Pubdate: Mon, 27 Jul 2015
Source: Cape Times (South Africa)
Copyright: 2015 Cape Times


IN ONE of several multimillion-rand drug busts in the country last 
week, a mandrax laboratory in the Ekurhuleni town of Nigel 
illustrates the magnitude of the drug problem we face.

Police, responding to an arson complaint at a disused church building 
on a smallholding, found the chemicals used to manufacture the drug. 
Three suspects were arrested and chemicals worth up to R30 million 
were confiscated.

It is a fact that drugs are a major driver of our soaring crime rate, 
particularly among the poor and unemployed.

Previous figures the police have published show that drug abuse 
accounts for 60 percent of all crimes.

According to the South African Depression and Anxiety Group, which 
among others provides counselling services to addicts, illegal drug 
use in South Africa is double the world norm.

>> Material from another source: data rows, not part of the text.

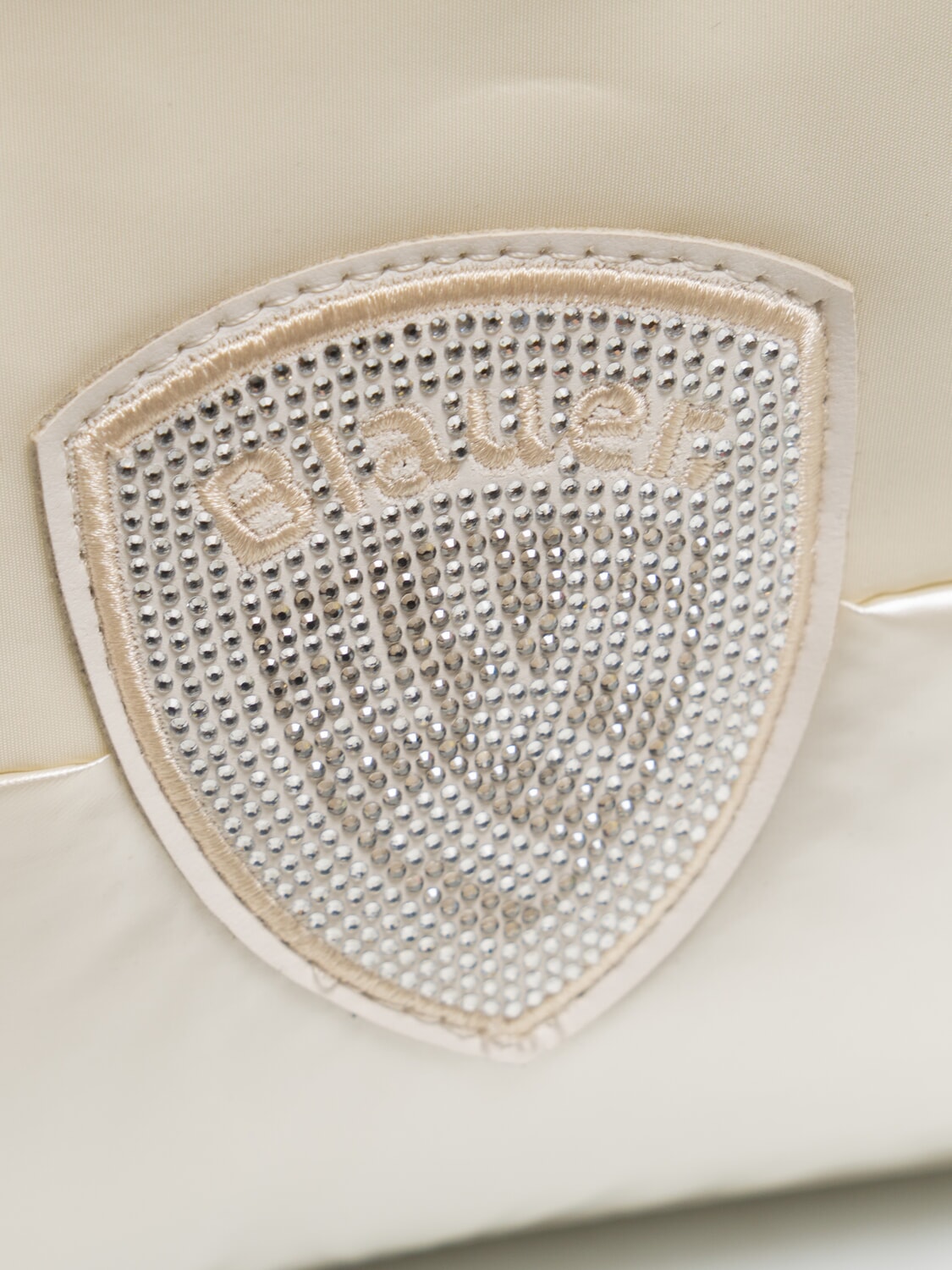 PADDED NYLON Bolso de mano suave con logotipo de diamantes de imitación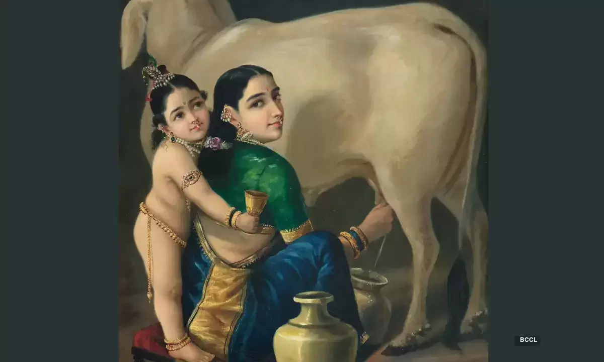 Painted in the 1890s, during the height of Varma’s career, the artwork presents a nuanced depiction of maternal love through the mythological figures of the infant Lord Krishna and his foster mother, Yashoda. The painting shows Yashoda milking a cow while Krishna reaches for a goblet of milk from behind, drawing viewers into a domestic scene that transforms into a participation in a larger, sacred narrative. It is widely regarded as one of Varma’s most significant and evocative compositions.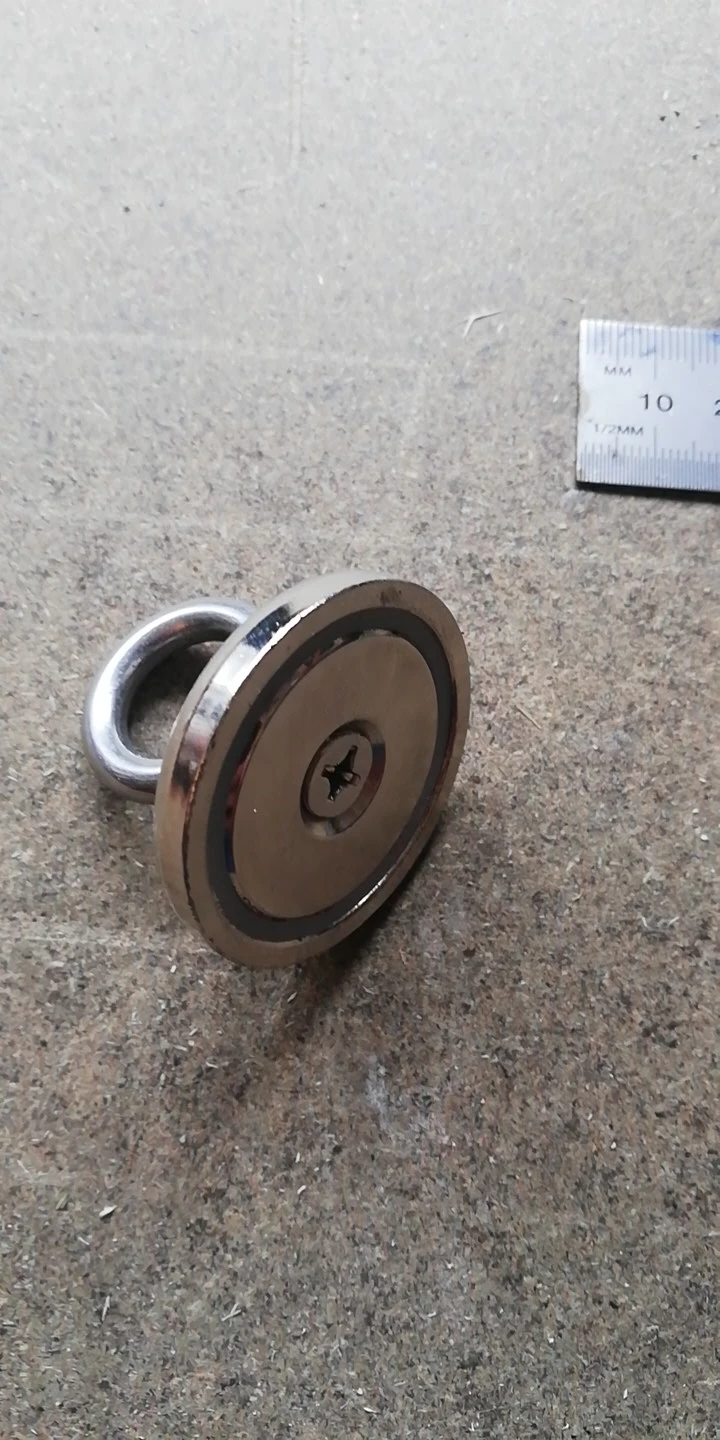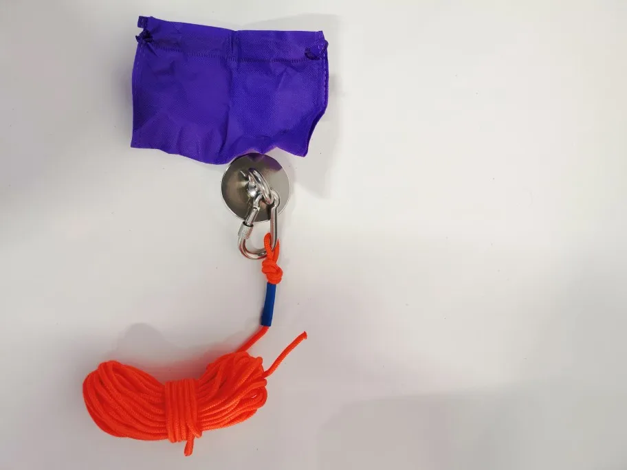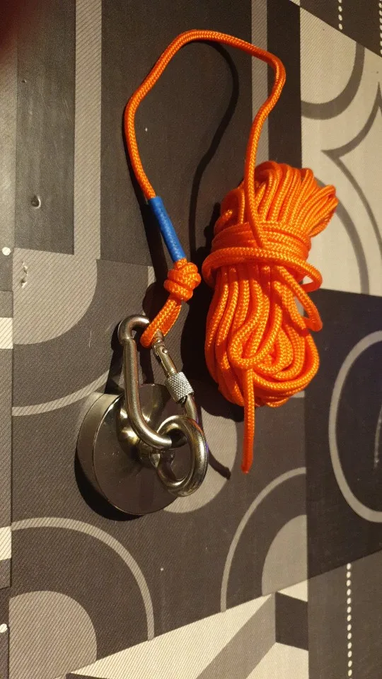 обычный магнит, чуть сильнее чем обычный. верёвка и карабин в комплекте чисто для чистки бассейна или фонтана от монеток. на большее он увы не способен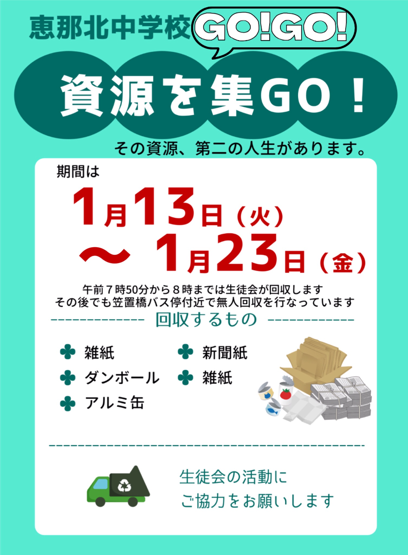 生徒会による資源回収促進運動 更新日:2025年12月27日 生徒会より地域のみなさまにお知らせします。 資源回収促進運動を行います。ポスターの通り、お持ちください。 なお、年末の大掃除ででたものについては、期間については問いません。 バス駐車場の資源回収かごにお持ちください。

Some of the widely available and abused drugs include heroin, dagga, 
methamphetamines and cocaine.

Another increasingly popular drug is nyaope - a highly addictive 
cocktail of marijuana, heroin, rat poison and other bizarre 
additives. This has become a drug of choice for young drug users 
because it's cheap and easily accessible.

South Africa, the largest illegal drug market in sub-Saharan Africa, 
is an attractive market for drug traffickers.

Widespread and severe poverty levels, rapid urbanisation, a decline 
of traditional and social relationships and porous borders are 
excellent conditions for this problem to fester.

Our expanding trade links with other parts of the world, such as 
Asia, Europe and the Americas, are a magnet to traffickers.

While authorities regularly catch drug smugglers at ports of entry, 
this capacity must be expanded. Internally, intelligence should be 
ramped up to make it tougher for criminal rings.

The community must also play its part in informing on suspects. To 
overcome this foe it must be all hands on deck. The state is 
currently probing the legalisation of "medicinal" dagga, at the 
request of the now late MP Mario Oriani-Ambrosini.

Unable to continue taking the pain as a terminal lung cancer 
sufferer, he played Verdi's at dawn last August 16 in Hout Bay, took 
a gun and ended his suffering.

This must never be allowed to happen again.